Sequence of number of triangles in each layer: 6, 18, 30, ... Starting term, a = 6 Common difference, d = 18 - 6 = 12

To get the total number of triangles, we sum up the sequence of number of triangles in each layer using the formula Sn = n/2 (2a + (n - 1) d). Therefore, Sn = n/2 (2(6) + (n - 1) 12) = 6n^2

Then set 6n^2 equal to the options that are given. If n is an integer, that is the answer. 6n^2 = 600 n^2 = 100 n = 10

6(n)^2 = number of triangles in reg hexagon; 1=6, 2=24,3=54 etc... 10=600

6,24,54,96,150,216,294,384,486,600...

If you take a look at the example you will notice that the number of triangles needed to make a regular hexagon of any size is 6 x n, where n is a square number. As shown in the example, 6 x 1 = 6, 6 x 4 = 24 and 6 x 9 = 54 (1, 4 and 9 are square numbers). The only option where 6 is multiplied by a square number is 600, which is 6 x 100.
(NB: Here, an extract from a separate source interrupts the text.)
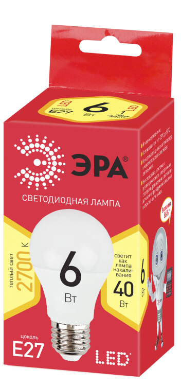 *Лампа светодиодная ECO LED A60-6W-827-E27 ЭРА (диод, груша, 6Вт, тепл, E27) (10/100/1200)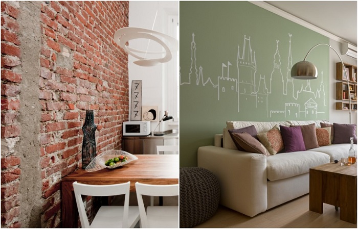 Если душа требует чего-то внушительно, масштабного и яркого, то на помощь придет отделка. Например, можно оформить в гостиной, на кухне или в спальне акцентную стену. Учитывайте тот факт, что от такого акцента впоследствии будет очень сложно избавиться, поэтому он должен быть четким, осознанным, комфортным по цвету, продуманным от А до Я. Важно, чтобы стена сочеталась со стилем как одной комнаты, так и целой квартиры, не выбиваясь из общей картины, а гармонично вписываясь в обстановку.

Just get the numbers from 1 to 10 squared and multiple them by the base 6.

The pattern is 6 × n squared To check the numbers you divide them by six and look if the square root results in an integer.

The amount of tiles is 6 times a triangular number, i.e. a number of the form $1+3+5+ ... +(2n-1)=n^2$ . Only 600 has this property: $600=6*10^2$

Sum of triangles is = 6 (1) + 6 (3) + 6 (5) ...........+ 6 (1+2(n-1))

So it is concluded that the sum of the triangles divided by 6 must be the sum of the following arithmetic sequence: 1,3,5,.......(2n-1)

Which is equivalent to (n/2)(2a+(n-1)d) where d=2 and a=1, so the sum is n^2 , in other words it must be a square number.

The only square number in the above options is 600/6=100

Every time the outer layer will consist of the number of triangles= 6 odd. So for first its 6 1, for second total triangles will be 6+6x3=24, for third it will be 24+6x5=54 and so on we can write the function as f(n)=f(n-1) + 6x(2xn-1) where f(0) =0.